For a while it was unclear if the Democrat and native Arizonan would make it this far. It took nearly a week after Election Day for Sinema to learn she’d beaten her Tea Party opponent by 10,000 votes.
Sinema grew up in a Mormon family. Though she’s no longer affiliated with any religion, she said her family’s conservative roots helped launch her career. Amid recession in the 1980s, her parents divorced. When the bank foreclosed on their home, Sinema moved into an abandoned gas station in Florida with her mom and stepdad. For two years they had no toilet or electricity, she said.
“I kind of grew up with this mix of two things,” Sinema said of her childhood. “One was this individual work ethic that my father mother and stepfather all taught me, which was never rely on anyone else to do anything for you and work really hard on your own.”
The representative-elect graduated from Brigham Young University at 18. She got a job as a social worker in Phoenix schools; then a law degree. In 2004, she ran for the state legislature and won. This year, while campaigning for Congress, she threw in a Ph.D. for good measure.
Along the way, Sinema said, “I benefited from the help of church and family and government my whole life.”
Sinema’s ascent makes sense to David Lujan, a fellow Democrat in the state legislature, who said, “I had no doubt she would be in Congress someday.”
Sinema was the smartest person at the capitol, Lujan said, and the hardest working.
This caused jealously among colleagues, Lujan explained. “I saw that on both sides of the aisle.”
Early on, Sinema formed a reputation as an outspoken advocate for women’s rights and same-sex marriage.

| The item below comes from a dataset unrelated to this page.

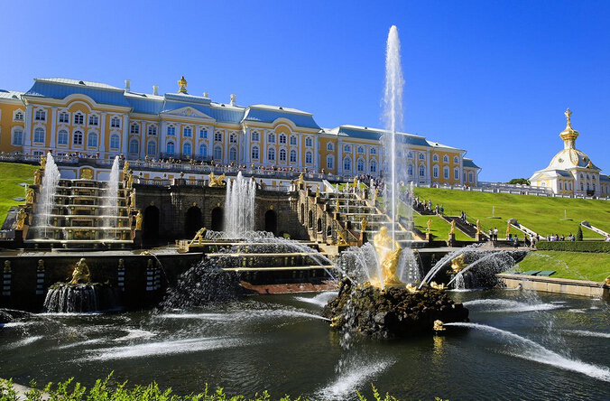 夏宮(入內,約2小時):又稱彼得宮,是彼得大帝的消暑行宮,它始建于1714年,分為上花園和下花園,大宮殿在上花園。這里的建筑豪華壯麗,被譽為“俄羅斯的凡爾賽”,大宮殿前是稱作大瀑布的噴泉群。這里有37座金色雕像,29座潛浮雕,150個小雕像,64個噴泉及兩座梯形瀑布。在噴泉群一個大半圓形水池的中央,聳立著大力士參孫和獅子搏斗的雕像,這就是著名的隆姆松噴泉。塑像高3米,重5噸。在夏宮花園中還有戰神廣場,其中央的一簇永恒之火,為記念1917年及之后內戰中犧牲的將士而點燃。

But she also learned to moderate her tone and found Republicans to co-sponsor her bills, Lujan and other political observers said. Even before critics attack her views on issues, they often say they respect Sinema’s charm and political skill.

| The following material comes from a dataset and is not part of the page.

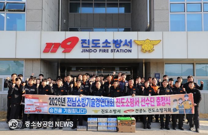특히 진도소방서는 대회 준비에 힘쓰고 있는 출전 대원들에게 격려품을 전달하며 그동안의 노고를 격려하고, 안전한 대회 참가와 좋은 성과를 당부했다.

Republican Sate Senator Frank Antenori is among Sinema’s critics. He said her bipartisan image was a masterful political calculation, because most of the bills Sinema found Republican support for were non-controversial.
“She created this transformation as going to one of the most left-wing leftists of the state House, into one of the more moderate Democrats in the state Senate -- which was a façade,” Antenori said.
And perhaps shrewd, according to Kris Mayes, a longtime observer of state politics who served as a Republican on the state Corporation Commission.
With Sinema’s 9th District made up of almost equal parts Republicans, Democrats and Independents, Sinema had to seek the middle, Mayes said.
“It is representative of a changing Arizona,” she added. “Such that you are going to see a much more diverse cast of characters from Arizona than ever before.”
Back at the Phoenix coffee shop, Sinema wrapped up her hour-long chat with supporters. She debriefed them on topics ranging from immigration reform to education access. After they left, sipped from her vanilla soy latte and considered the public’s interest in her career.
“I speak my mind,” she said. “I’m not really afraid of things. I actually don’t think that’s unusual. And I don’t think it’s that much of a surprise in Arizona.”
The real surprise may come later. Both supporters and critics will be watching to see if Sinema continues a path of moderation, or if her politics end up too liberal for Arizona voters.